A second object according to the invention relates to

a dehydrated composition comprising a mixture of

lipopeptides in which the concentration of iturinic

lipopeptides is above 0.5%. In a preferred embodiment, the

concentration of iturinic lipopeptides is above 2%.

Such dehydrated compositions are in powder or

lyophilized form and are "ready to use"; indeed, it is

sufficient to rehydrate them in 100mL of solution to obtain

a composition whose iturinic lipopeptide concentration is at

least 5g/L. In a preferred embodiment, such compositions

have a concentration of iturinic lipopeptides of at least

20g/L.

The ingredients and their relative quantities in these

solid compositions are the same as those described above for

liquid compositions. Indeed, the concentrations by dry

weight of the various components of these dehydrated

solutions make it possible to obtain liquid compositions

whose iturinic lipopeptide concentration is above 5g/L which

are stable and homogeneous according to the invention. In a

preferred embodiment, the concentration of iturinic

lipopeptides is above 20g/L.

A third object of the invention relates to a method

for preparing a composition comprising a mixture of

lipopeptides in which the concentration of iturinic

lipopeptides is above 5g/L. In a preferred embodiment, the

concentration of iturinic lipopeptides in the mixture is

20g/L.

The iturinic lipopeptides of the composition can be

obtained by fermentation of a strain of Bacillus sp. and

harvested and concentrated from the culture supernatant.

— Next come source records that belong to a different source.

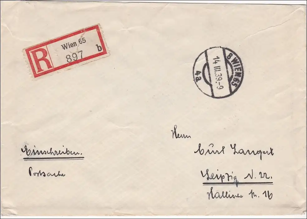 Autriche: 1939, lettre recommandée de Vienne à Leipzig
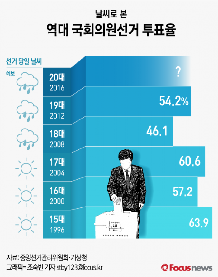 (서울=포커스뉴스) 민간기상업체 케이웨더는 지난 1996년 15대 총선부터 지난 2012년 19대 총선까지 5번의 총선 투표율과 날씨를 분석한 결과, 선거일에 비가 내린 경우 투표율이 낮았다고 발표했다.
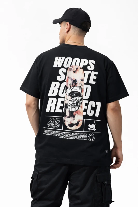 Confeccionada en un tejido suave y resistente, garantiza durabilidad y confort durante todo el día. Su color negro clásico la convierte en una prenda versátil y fácil de combinar con pantalones cargo, jeans o joggers, adaptándose a distintos estilos urbanos. Es una opción ideal para quienes buscan una camiseta llamativa, actual y alineada con las tendencias del street style.
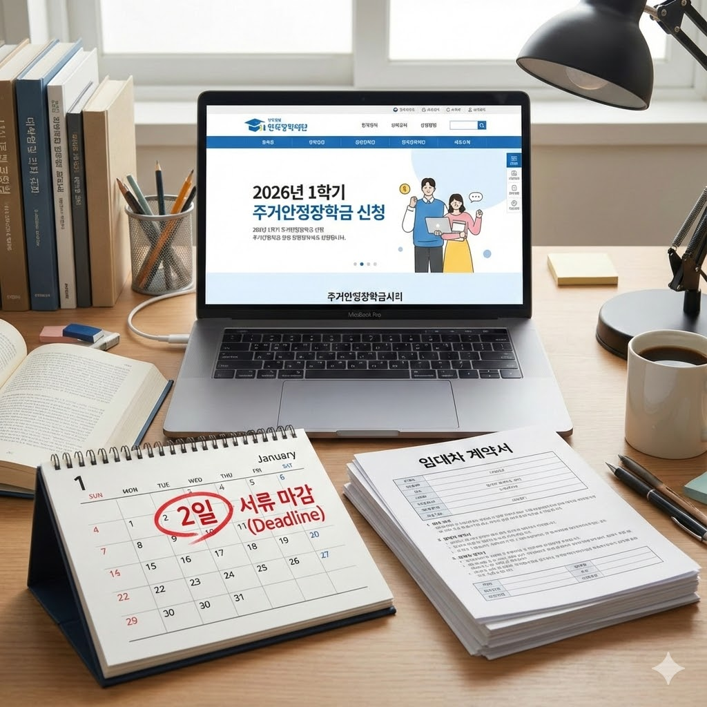2026년 1학기 주거안정장학금 신청자 필독. 1월 2일 마감되는 서류제출 및 가구원 동의 절차와 까다로운 원거리 심사 기준(교통권)을 완벽하게 분석해 드립니다.
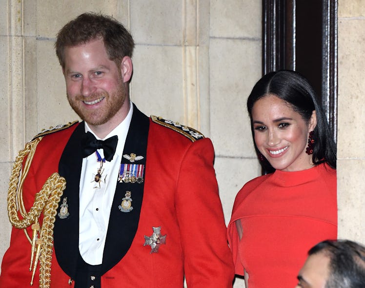 On Saturday, March 7, it's safe to say that the Duke and Duchess of Sussex wowed everyone with their second public appearance since announcing that they were planning to step back as senior members of the royal family. Prince Harry, who donned his official uniform for Captain General of the Royal Marines likely for the last time, went for a red dress code along with his wife. The former Suits star kept with the trend of eye-popping hues she's worn lately and stunned in a red cape dress by Safiyaa. She accessorized the crimson look with statement ruby earrings, a red satin clutch by Manolo Blahnik, and red suede Aquazzura pumps. The pair were greeted by a round of applause as they entered Royal Albert Hall and went to sit in the royal box.
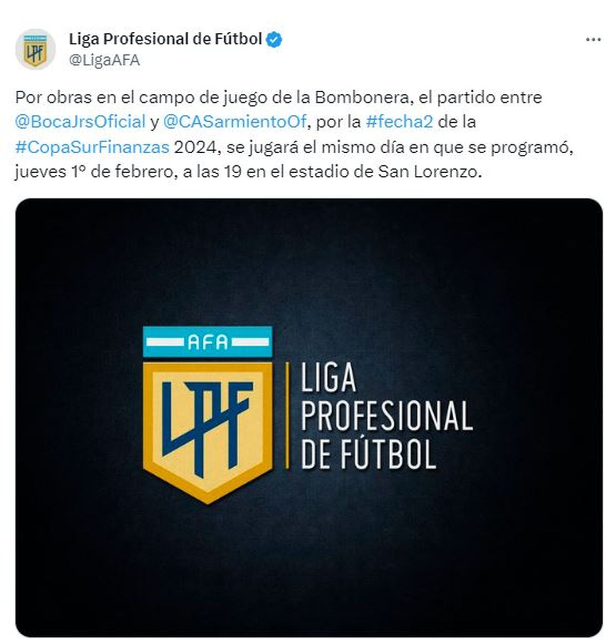La Bombonera no reúne las condiciones necesarias para albergar el encuentro entre Boca y Sarmiento de Junín por la segunda fecha de la Copa de la Liga, dado el mal estado del campo de juego. Ante esta situación, Juan Román Riquelme, presidente del Xeneize, decidió que el equipo juegue como local el próximo 1 de febrero, a las 19:00, en el estadio de San Lorenzo de Almagro.
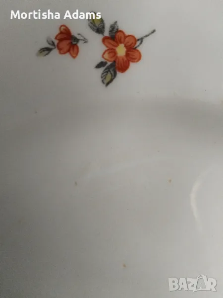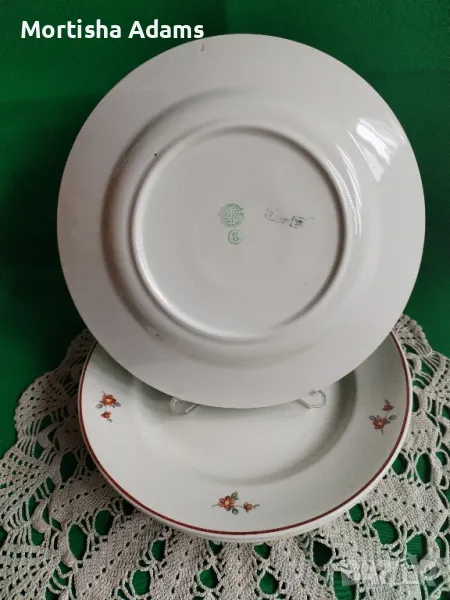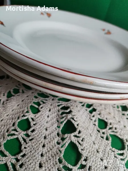 🌺🌺🌺 Комплект от четири съветски чинии за основно ястие с красив, нежен декор и диаметър 24см., керамика/фаянс, Будянский фаянс. завод, период 1965- 1967г. Здрави, със следи от времето (рехавост на канта на места, петна и драскотини по глазурата, видими под ъгъл).
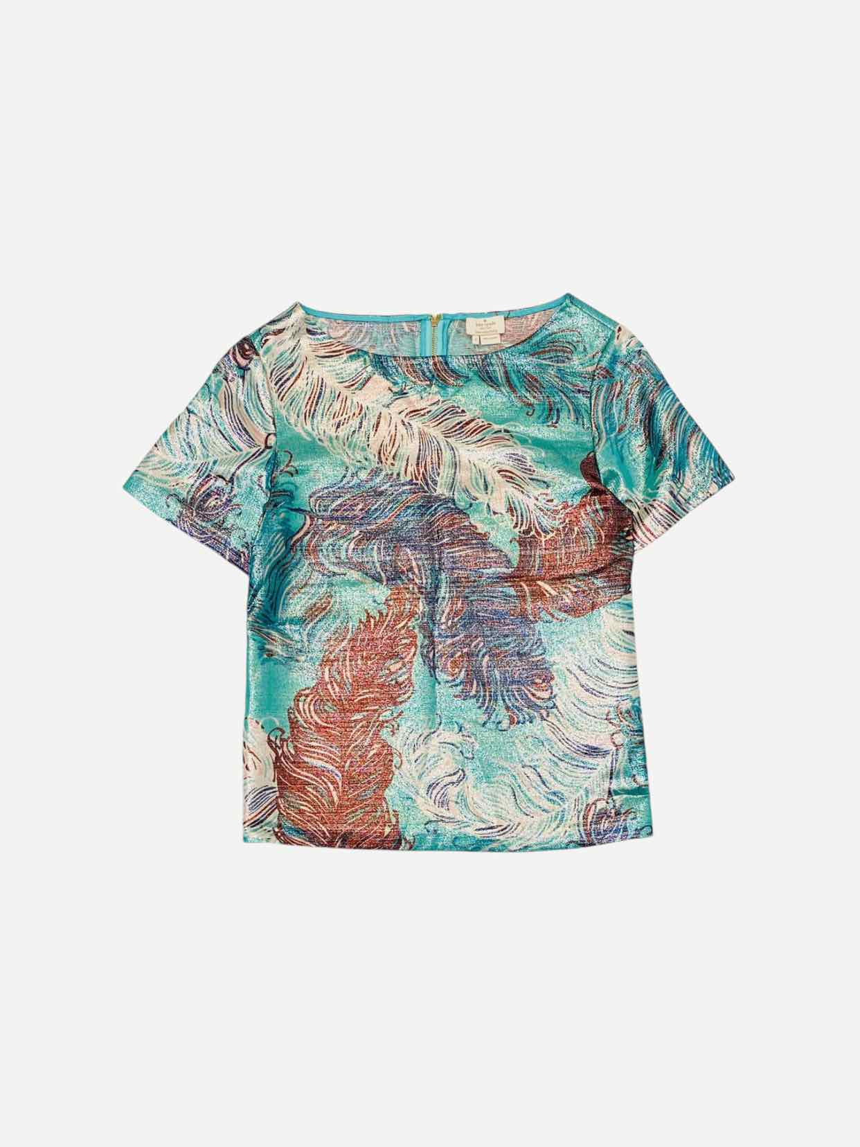 KATE SPADE Green Multicolor Jacquard Size Small Top

The compositions according to the invention can be

prepared using commercially available lipopeptide

preparations in powder form. These starting powders contain

a variable amount of iturinic lipopeptides ranging from 10 to more than 80%, for example 15% or 75%. These powders may contain a mixture of mycosubtilin and surfactin in a ratio of 30/70 to 70/30 or even 95/5, for example 35/65, 40/60,

45/55 or 50/50. To prepare a composition according to the invention,

at least one surfactant must be added to a solution

containing a high content of iturinic lipopeptides.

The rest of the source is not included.